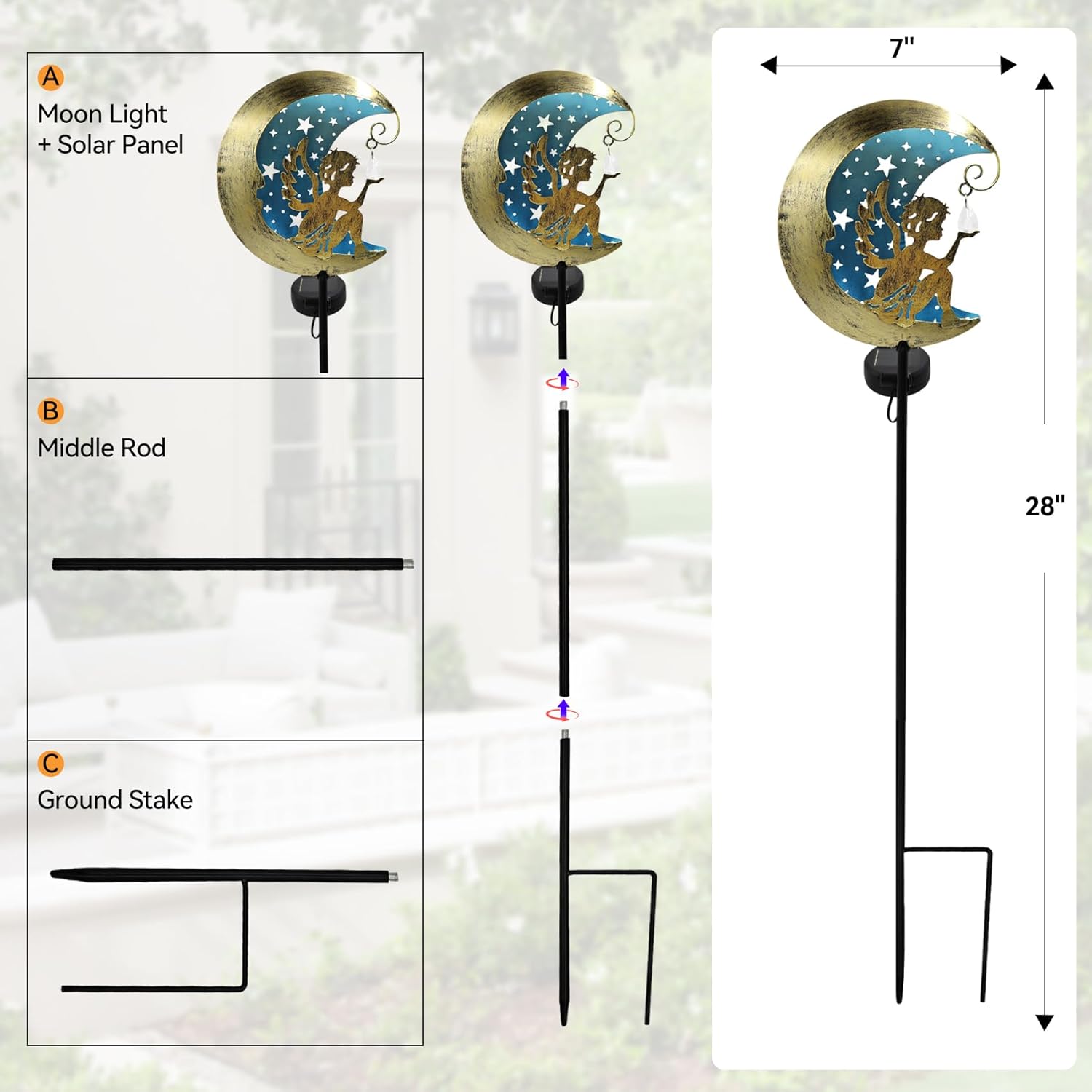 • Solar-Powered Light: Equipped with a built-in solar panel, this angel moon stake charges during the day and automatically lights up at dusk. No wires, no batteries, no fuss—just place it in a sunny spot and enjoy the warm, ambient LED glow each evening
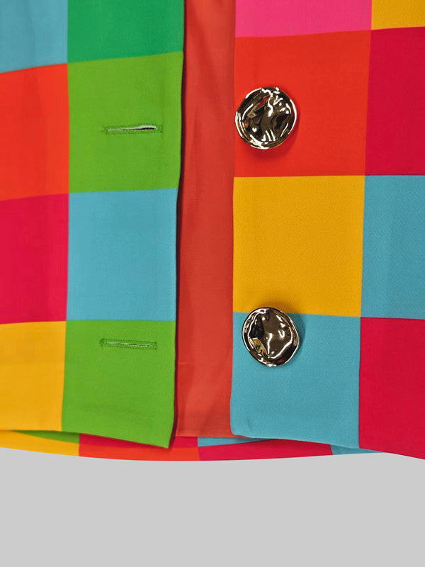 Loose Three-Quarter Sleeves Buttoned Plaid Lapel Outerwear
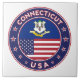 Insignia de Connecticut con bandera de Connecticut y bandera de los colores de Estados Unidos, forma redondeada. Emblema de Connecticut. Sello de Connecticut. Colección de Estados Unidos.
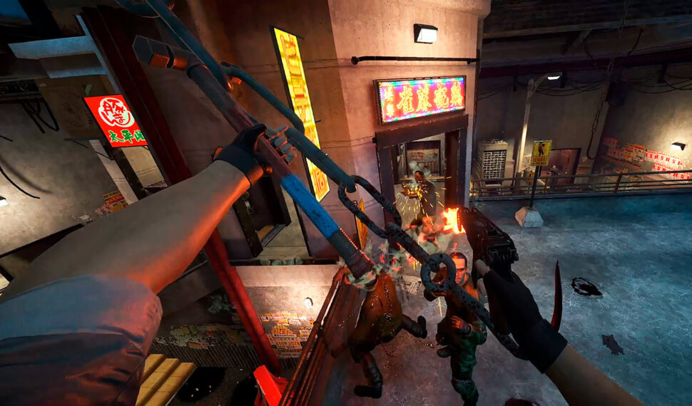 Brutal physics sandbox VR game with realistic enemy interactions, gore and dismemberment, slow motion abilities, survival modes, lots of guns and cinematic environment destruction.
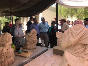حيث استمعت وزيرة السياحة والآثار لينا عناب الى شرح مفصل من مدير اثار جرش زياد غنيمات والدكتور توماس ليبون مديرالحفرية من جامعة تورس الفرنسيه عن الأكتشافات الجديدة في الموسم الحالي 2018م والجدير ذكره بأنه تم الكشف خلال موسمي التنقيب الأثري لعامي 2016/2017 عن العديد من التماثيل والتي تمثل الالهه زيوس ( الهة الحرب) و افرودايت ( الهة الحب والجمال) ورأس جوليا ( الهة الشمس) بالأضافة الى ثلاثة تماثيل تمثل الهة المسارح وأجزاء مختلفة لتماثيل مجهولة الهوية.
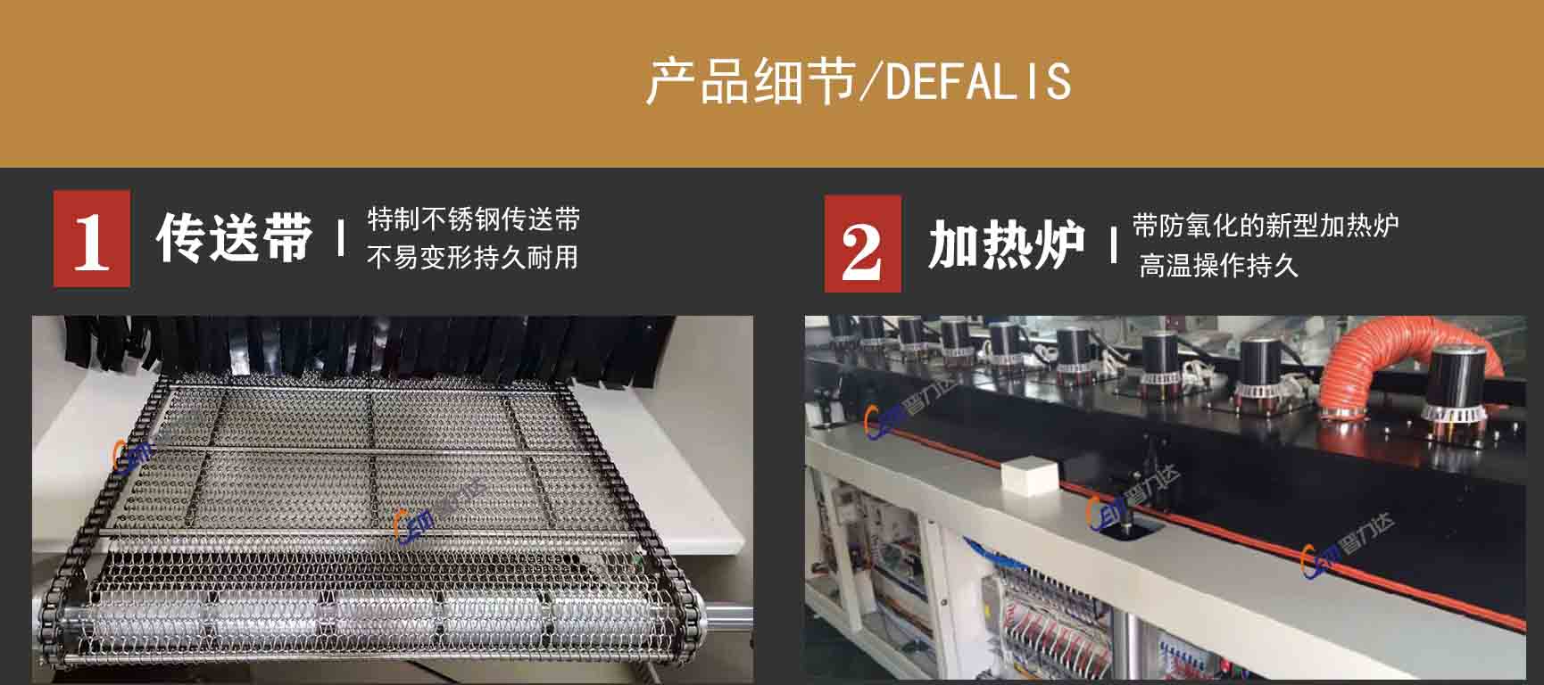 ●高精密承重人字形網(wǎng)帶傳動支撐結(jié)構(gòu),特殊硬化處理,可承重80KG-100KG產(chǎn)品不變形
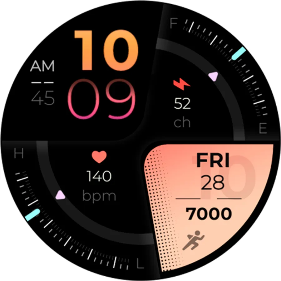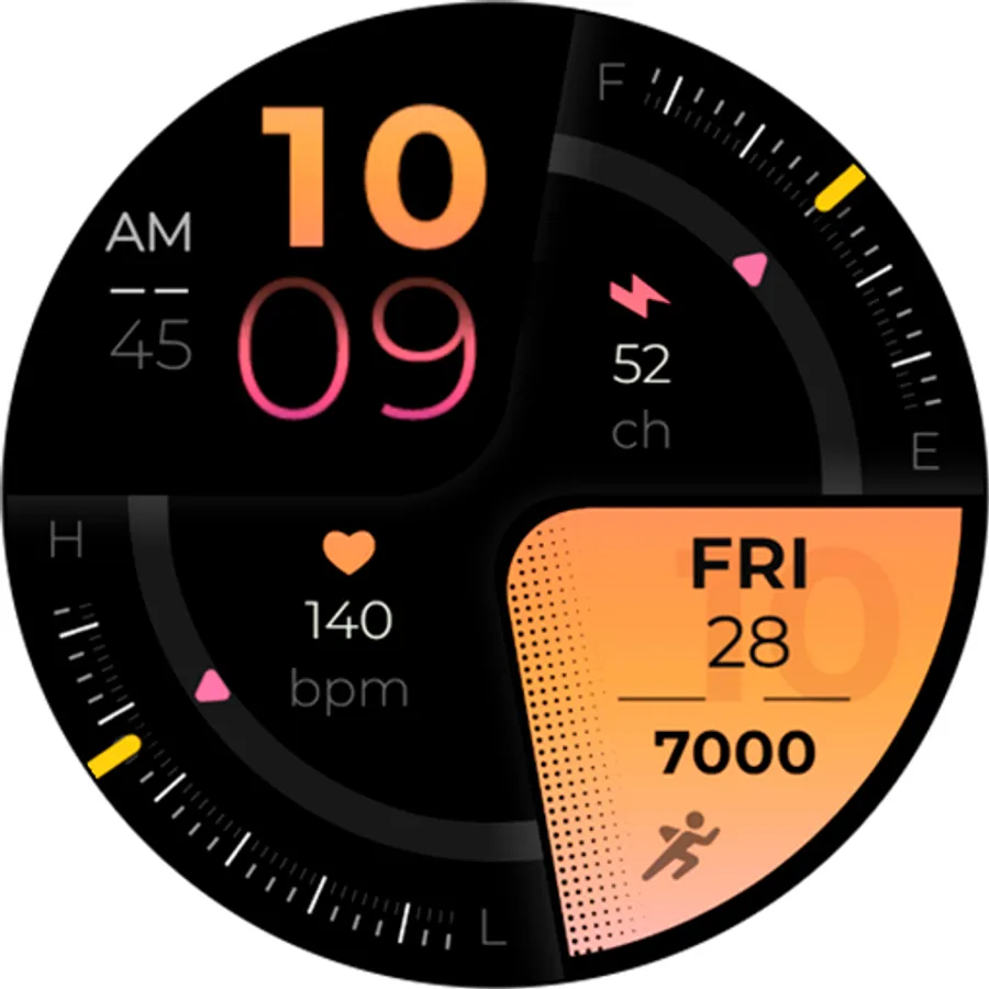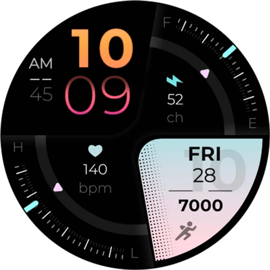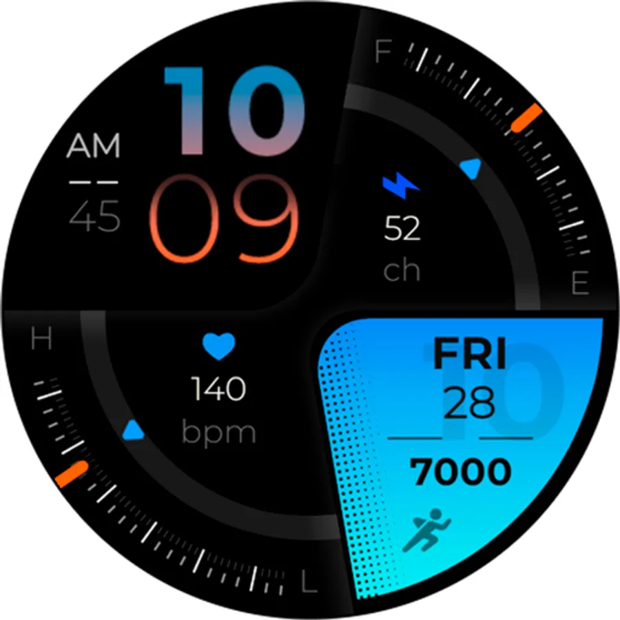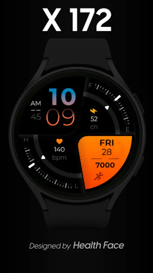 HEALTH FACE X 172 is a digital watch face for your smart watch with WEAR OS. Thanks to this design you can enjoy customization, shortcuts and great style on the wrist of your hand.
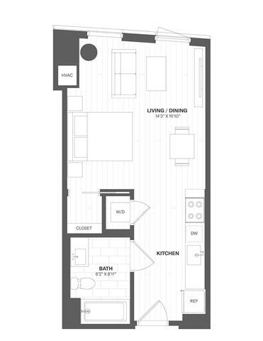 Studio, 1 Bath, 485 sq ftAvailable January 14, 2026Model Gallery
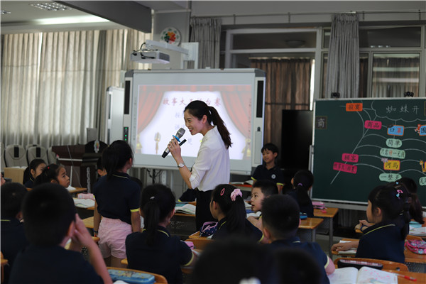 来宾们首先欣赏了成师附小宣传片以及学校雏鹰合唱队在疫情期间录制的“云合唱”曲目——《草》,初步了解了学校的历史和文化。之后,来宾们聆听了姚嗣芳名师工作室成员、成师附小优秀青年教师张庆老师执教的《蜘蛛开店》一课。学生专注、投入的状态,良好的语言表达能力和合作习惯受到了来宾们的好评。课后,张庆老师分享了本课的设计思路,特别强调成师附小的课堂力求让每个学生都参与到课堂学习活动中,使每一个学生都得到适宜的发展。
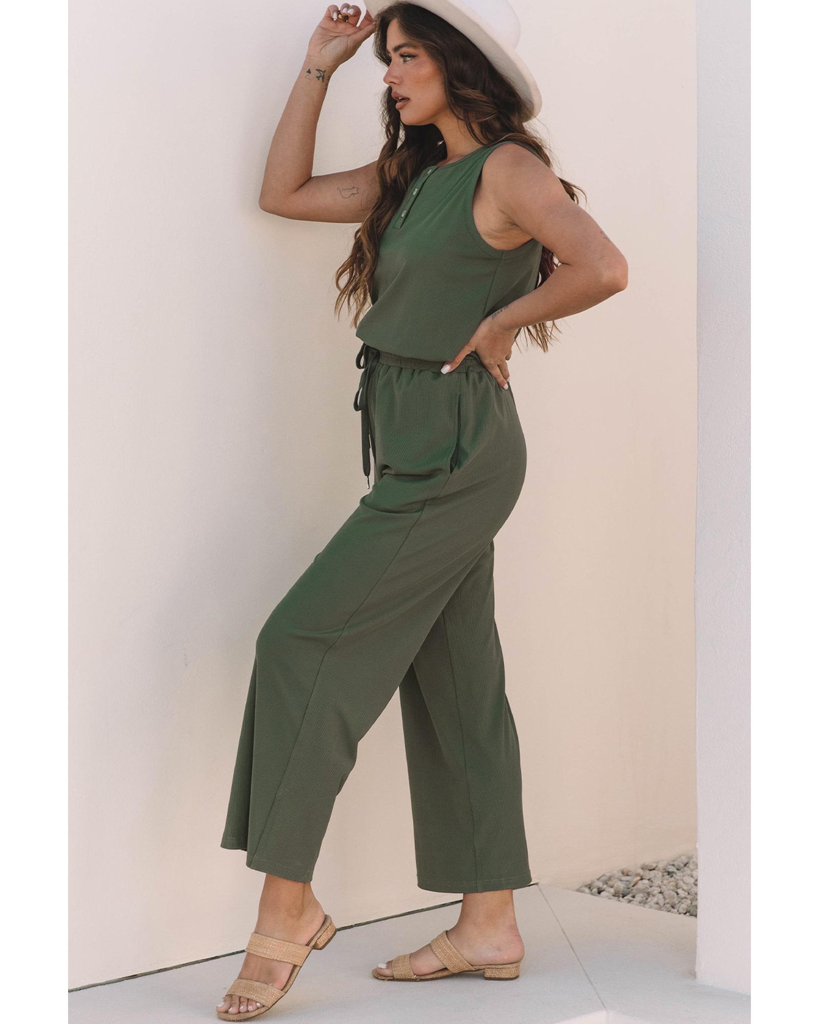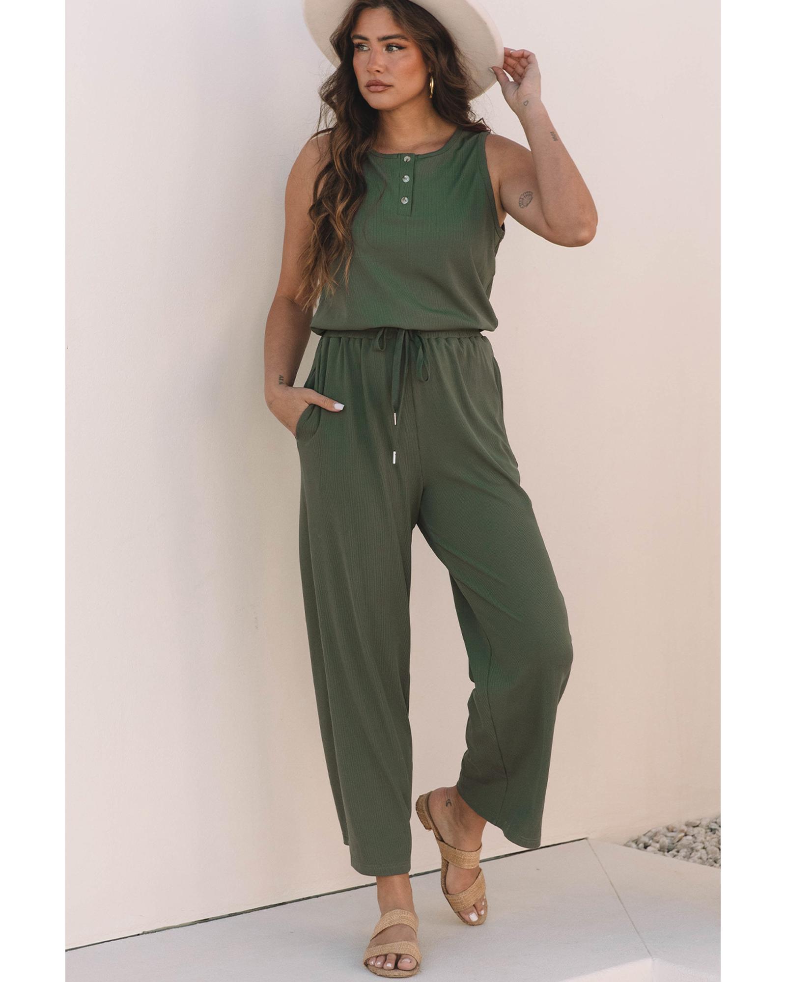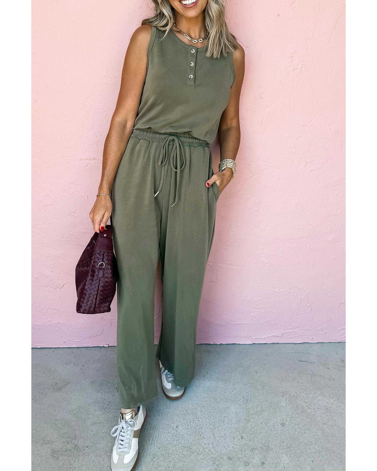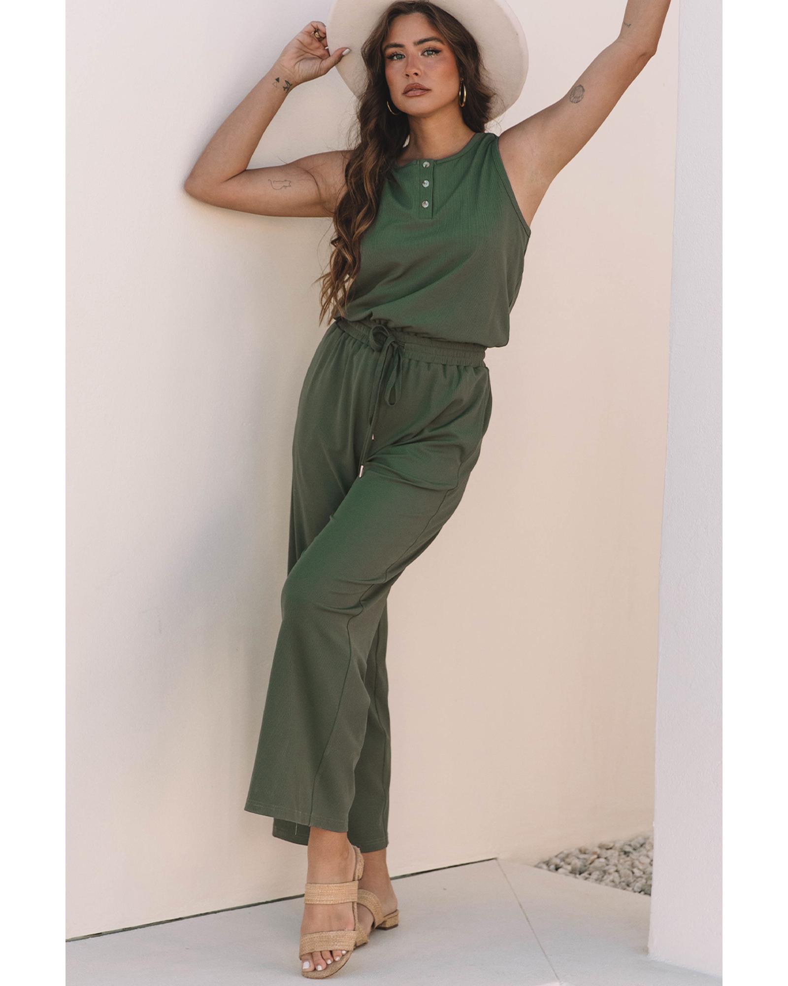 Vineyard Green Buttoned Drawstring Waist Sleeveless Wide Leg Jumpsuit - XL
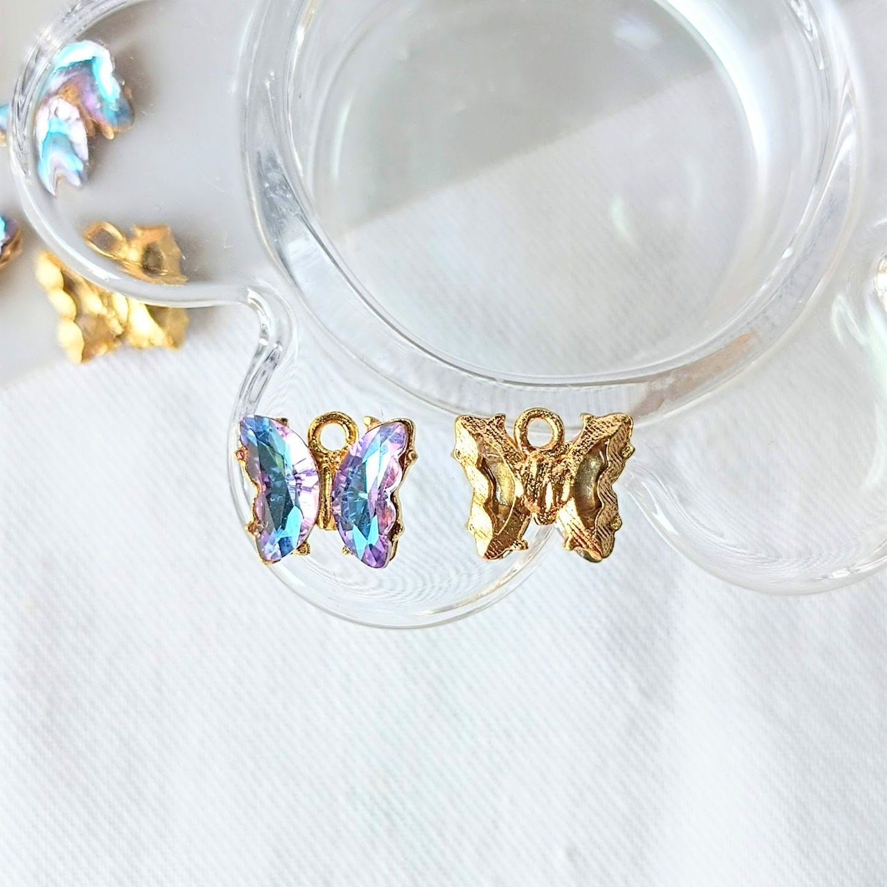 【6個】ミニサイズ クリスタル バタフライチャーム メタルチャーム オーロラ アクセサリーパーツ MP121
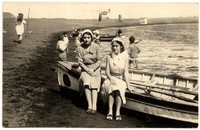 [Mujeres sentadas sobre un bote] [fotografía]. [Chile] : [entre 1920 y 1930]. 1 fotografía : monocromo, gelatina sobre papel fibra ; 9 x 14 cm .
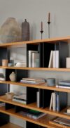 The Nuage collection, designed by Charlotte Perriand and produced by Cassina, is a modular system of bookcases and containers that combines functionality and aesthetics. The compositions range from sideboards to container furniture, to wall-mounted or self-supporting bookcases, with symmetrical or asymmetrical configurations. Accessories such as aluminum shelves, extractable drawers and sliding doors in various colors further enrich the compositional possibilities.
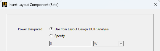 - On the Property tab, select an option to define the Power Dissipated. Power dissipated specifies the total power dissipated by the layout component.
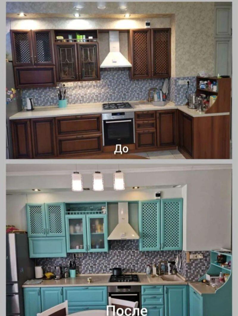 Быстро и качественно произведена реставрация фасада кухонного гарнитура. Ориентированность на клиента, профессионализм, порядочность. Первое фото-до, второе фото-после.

The problem
Beginning with the first line of the material above, please output each line exactly through the line that contains "来宾们首先欣赏了成师附小宣传", and only those, leaving out pictures.

Solution to the problem
 • Solar-Powered Light: Equipped with a built-in solar panel, this angel moon stake charges during the day and automatically lights up at dusk. No wires, no batteries, no fuss—just place it in a sunny spot and enjoy the warm, ambient LED glow each evening
 Loose Three-Quarter Sleeves Buttoned Plaid Lapel Outerwear
 Insignia de Connecticut con bandera de Connecticut y bandera de los colores de Estados Unidos, forma redondeada. Emblema de Connecticut. Sello de Connecticut. Colección de Estados Unidos.
 Brutal physics sandbox VR game with realistic enemy interactions, gore and dismemberment, slow motion abilities, survival modes, lots of guns and cinematic environment destruction.
حيث استمعت وزيرة السياحة والآثار لينا عناب الى شرح مفصل من مدير اثار جرش زياد غنيمات والدكتور توماس ليبون مديرالحفرية من جامعة تورس الفرنسيه عن الأكتشافات الجديدة في الموسم الحالي 2018م والجدير ذكره بأنه تم الكشف خلال موسمي التنقيب الأثري لعامي 2016/2017 عن العديد من التماثيل والتي تمثل الالهه زيوس ( الهة الحرب) و افرودايت ( الهة الحب والجمال) ورأس جوليا ( الهة الشمس) بالأضافة الى ثلاثة تماثيل تمثل الهة المسارح وأجزاء مختلفة لتماثيل مجهولة الهوية.
 ●高精密承重人字形網(wǎng)帶傳動支撐結(jié)構(gòu),特殊硬化處理,可承重80KG-100KG產(chǎn)品不變形
 HEALTH FACE X 172 is a digital watch face for your smart watch with WEAR OS. Thanks to this design you can enjoy customization, shortcuts and great style on the wrist of your hand.
 Studio, 1 Bath, 485 sq ftAvailable January 14, 2026Model Gallery
 来宾们首先欣赏了成师附小宣传片以及学校雏鹰合唱队在疫情期间录制的“云合唱”曲目——《草》,初步了解了学校的历史和文化。之后,来宾们聆听了姚嗣芳名师工作室成员、成师附小优秀青年教师张庆老师执教的《蜘蛛开店》一课。学生专注、投入的状态,良好的语言表达能力和合作习惯受到了来宾们的好评。课后,张庆老师分享了本课的设计思路,特别强调成师附小的课堂力求让每个学生都参与到课堂学习活动中,使每一个学生都得到适宜的发展。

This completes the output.